I would like to concatenate 2 csv files. Each CSV file has the following structure:
File 1
id,name,category-id,lat,lng
4c29e1c197,Area51,4bf58dd8d,45.44826958,9.144208431
4ede330477,Punto Snai,4bf58dd8d,45.44833354,9.144086353
51efd91d49,Gelateria Cecilia,4bf58dd8d,45.44848931,9.144008735
File 2
id,name,category-id,lat,lng
4c29e1c197,Area51,4bf58dd8d,45.44826958,9.144208432
4ede330477,Punto Snai,4bf58dd8d,45.44833354,9.144086353
51efd91d49,Gelateria Cecilia,4bf58dd8d,45.44848931,9.144008735
5748729449,Duomo Di Milano,52e81612bc,45.463898,9.192034
I got a final csv that look like
Final file
id,name,category-id,lat,lng
4c29e1c197,Area51,4bf58dd8d,45.44826958,9.144208431
4c29e1c197,Area51,4bf58dd8d,45.44826958,9.144208432
4ede330477,Punto Snai,4bf58dd8d,45.44833354,9.144086353
51efd91d49,Gelateria Cecilia,4bf58dd8d,45.44848931,9.144008735
5748729449,Duomo Di Milano,52e81612bc,45.463898,9.192034
So I have done this:
import pandas as pd
df1=pd.read_csv("file1.csv")
df2=pd.read_csv("file2.csv")
full_df = pd.concat(df1,df2)
full_df = full_df.groupby(['id','category_id','lat','lng']).count()
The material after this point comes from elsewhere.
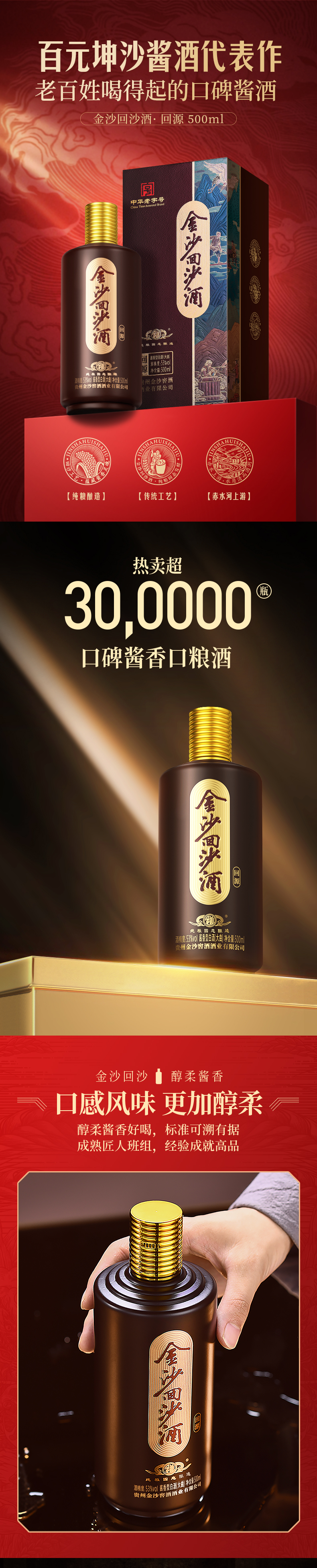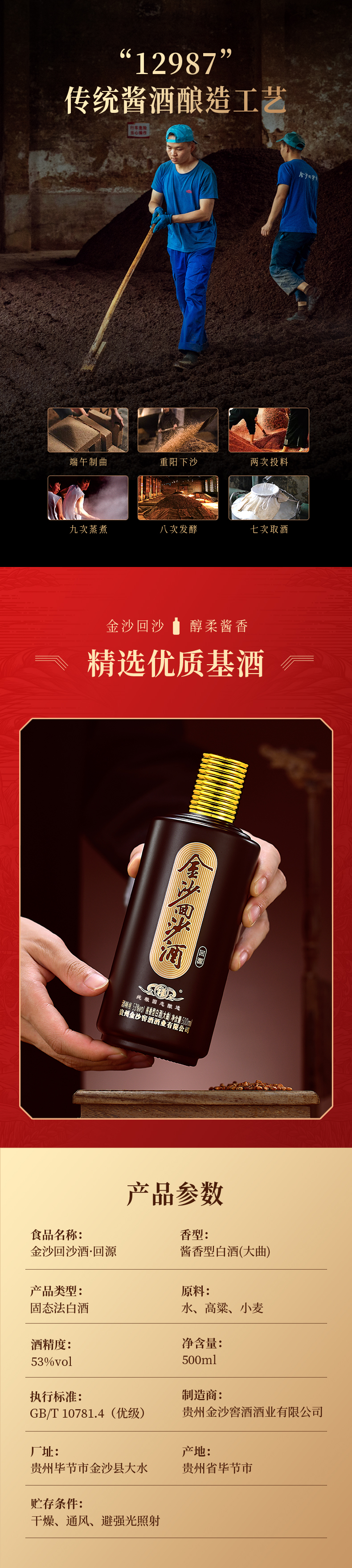【 热款 回源】53度金沙回沙酒(回源)500ml1*6 贵州酱香型白酒 大曲坤沙纯粮酒 口粮酒 宴请自饮酒水 500ml

full_df2 = full_df[['id','category_id']].groupby('id').agg('count')
full_df2.to_csv("final.csv",index=False)
I tried to groupby by id, categoy_id, lat and lng, the name could change After the first groupby I want to groupby again but now by id and category_id because as showed in my example the first row changed in long but that is probably because file2 is an update of file1
I don't understand about groupby because when i tried to print I got just the count value.